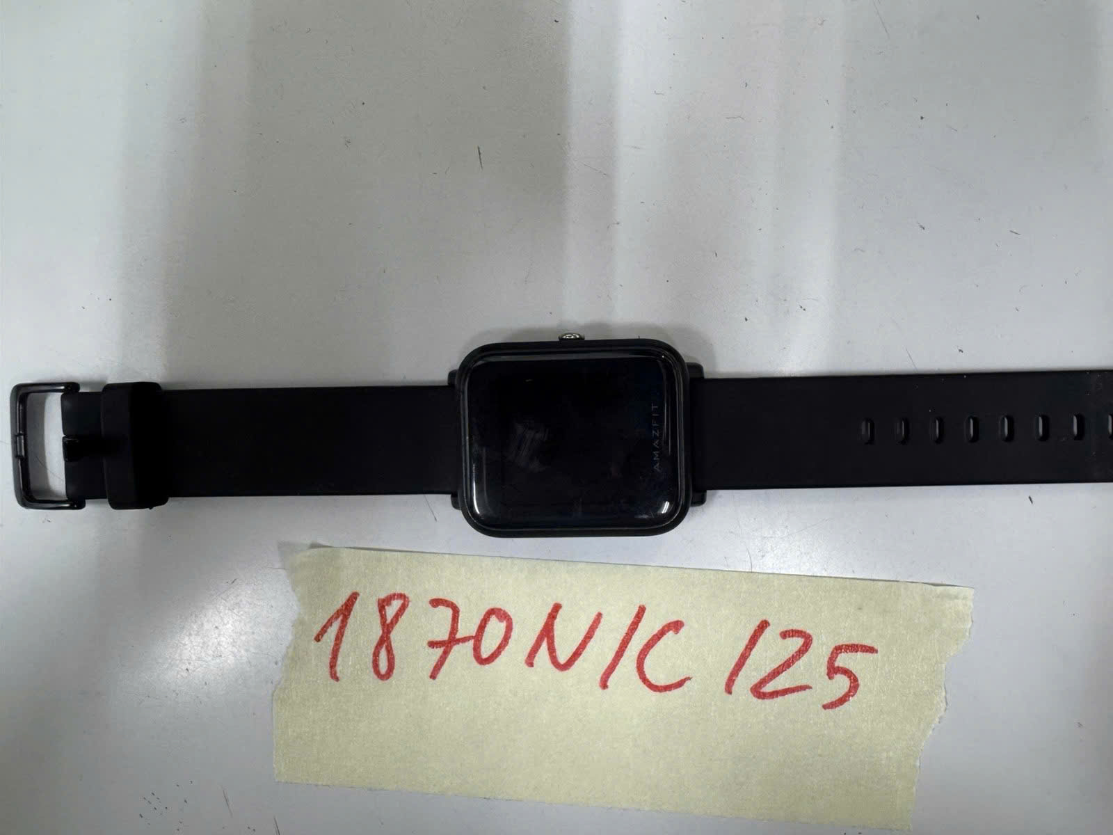 Ngày tiếp nhận: 17/10/2025 Mã hồ sơ: 1870N2025C Mô tả: 01 đồng hồ thông minh mặt hình chữ nhật màu đen có chữ "AMAZFIT", dây nhựa màu đen. |
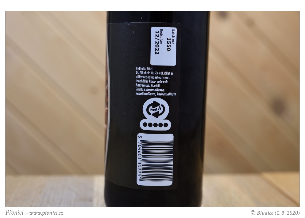 Nižší jemný říz, vysoká plnost. V chuti karamelové, s tóny hořké čokolády, lesního medu, nádechem rozinek, výrazně tóny bourbonu, kokosů a vanilky. Hořkost je střední. Doznívání je dlouhé a výrazné, s tóny bourbonu, vanilky, kokosu, hořké čokolády, lesního medu a alkoholu. Alkoholová hřejivost na závěr. Jemná krémová struktura.Celkový dojem (9 - výjimečné pivo):
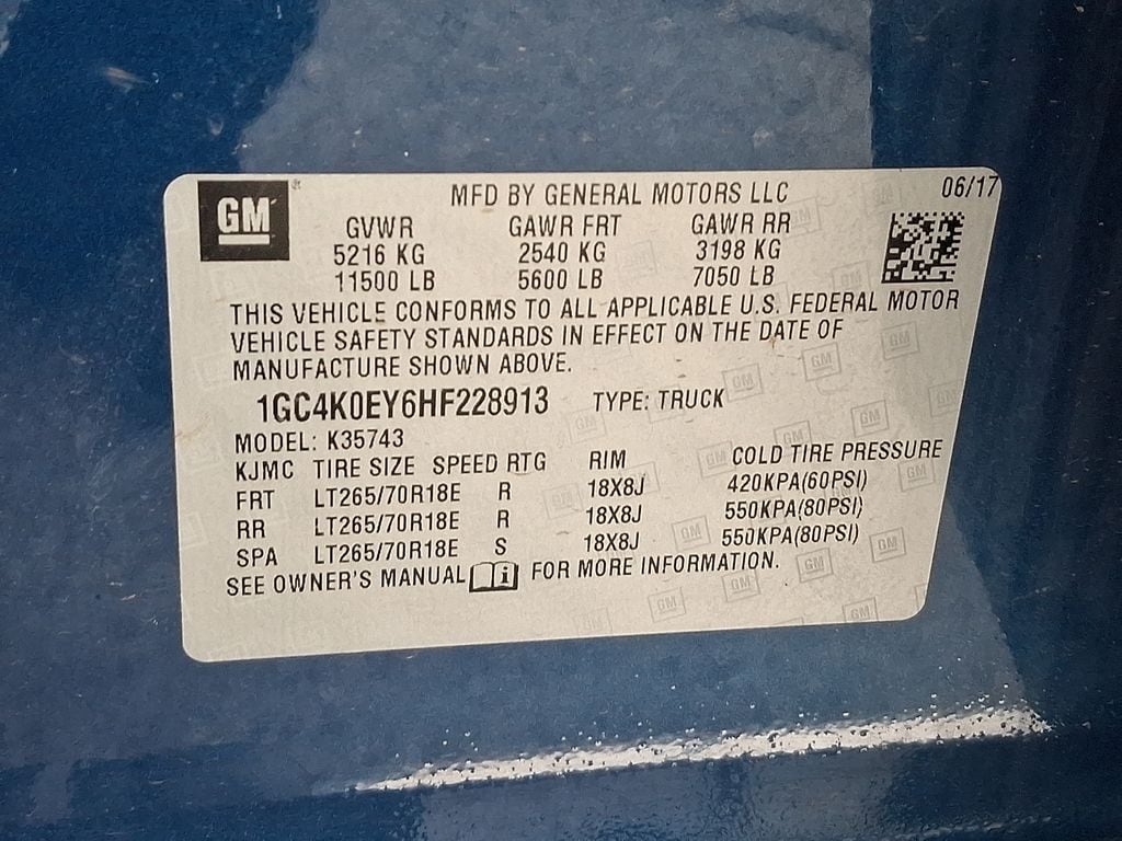 - Front tires: 265/70SR18.0E
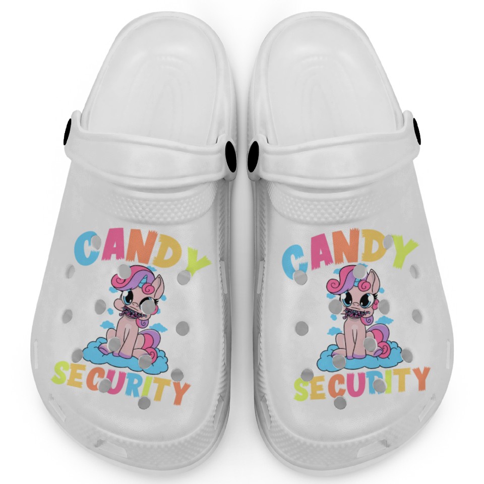 You're looking at the eye-catching product Candy Security Funny Easy Unicorn Halloween Costum Clogs For Kids WHITE belong theme Clogs at Printblur

#####

Please reproduce the data above word for word, skipping all images.

## Reply
 Ngày tiếp nhận: 17/10/2025 Mã hồ sơ: 1870N2025C Mô tả: 01 đồng hồ thông minh mặt hình chữ nhật màu đen có chữ "AMAZFIT", dây nhựa màu đen. |
 Nižší jemný říz, vysoká plnost. V chuti karamelové, s tóny hořké čokolády, lesního medu, nádechem rozinek, výrazně tóny bourbonu, kokosů a vanilky. Hořkost je střední. Doznívání je dlouhé a výrazné, s tóny bourbonu, vanilky, kokosu, hořké čokolády, lesního medu a alkoholu. Alkoholová hřejivost na závěr. Jemná krémová struktura.Celkový dojem (9 - výjimečné pivo):
 - Front tires: 265/70SR18.0E
 You're looking at the eye-catching product Candy Security Funny Easy Unicorn Halloween Costum Clogs For Kids WHITE belong theme Clogs at Printblur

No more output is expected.